Given that AC and AD are equal 

i.e. AC = AD and the line AB bisects ∠A.

Considering the two triangles ΔABC and ΔABD,

Where, 

AC = AD { As given}………………………………………… (i) 

∠CAB = ∠DAB ( As AB  bisects of ∠A)……………. (ii) 

AB { Common side of both the triangle} …….. …(iii)

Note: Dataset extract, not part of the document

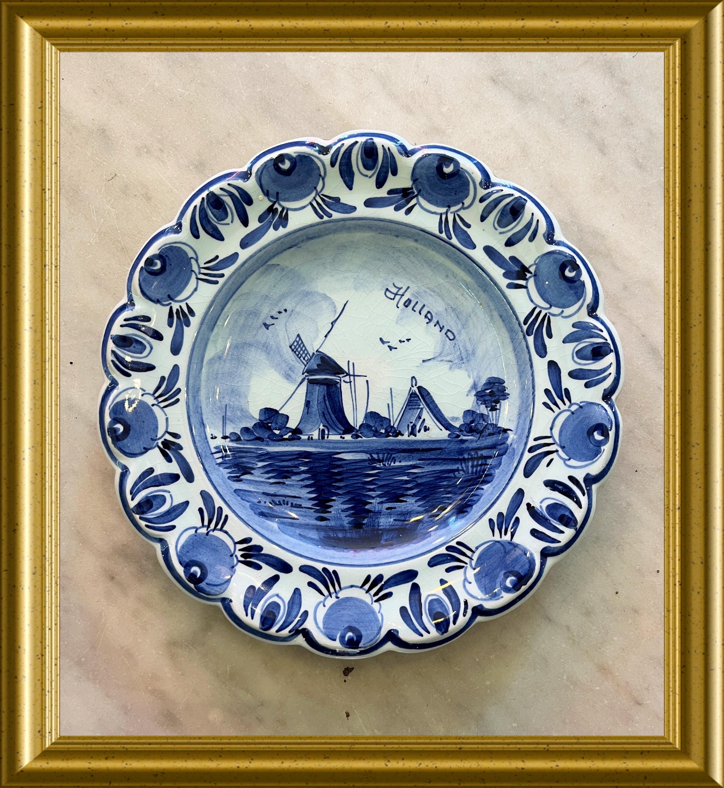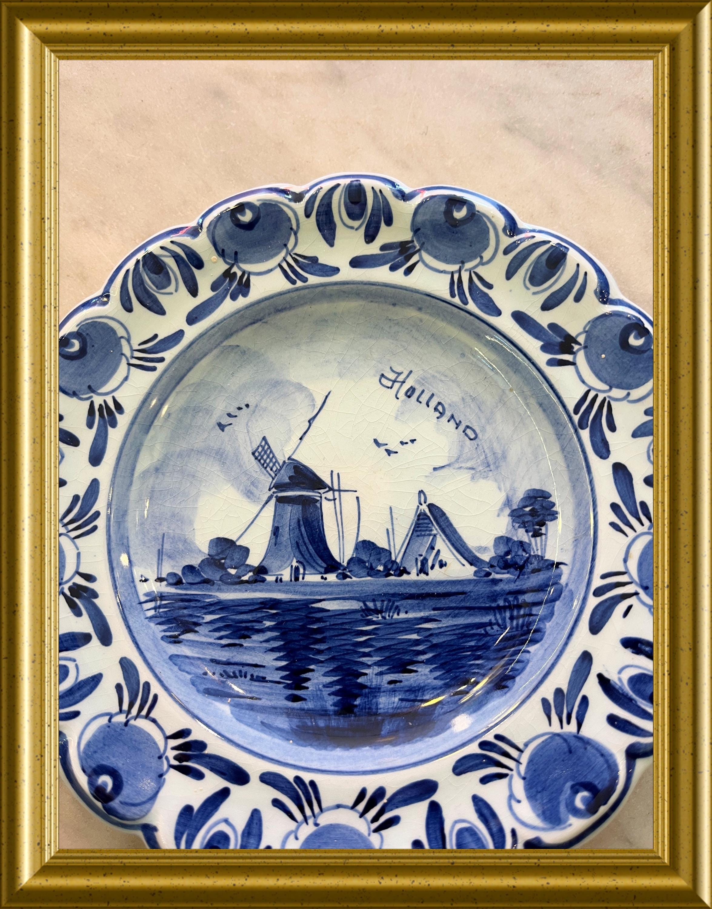 Charming small Delft Blue plate featuring a traditional Dutch windmill scene, fully hand‑painted in classic blue and white.

From above three equation both the triangle satisfies “SAS” congruency criterion

So, ΔABC ≅ ΔABD.

Also, 

BC and BD will be of equal lengths as they are corresponding parts of congruent triangles(CPCT). 

So BC = BD. 

Question 2. ABCD is a quadrilateral in which AD = BC and ∠ DAB = ∠ CBA (see Fig. 7.17). Prove that

(i) ∆ ABD ≅ ∆ BAC

(ii) BD = AC

(iii) ∠ ABD = ∠ BAC.

Solution:

(i) Given that AD = BC, 

And ∠ DAB = ∠ CBA. 

Considering two triangles ΔABD and ΔBAC. 

Where, 

AD = BC { As given }………………………………………….. (i) 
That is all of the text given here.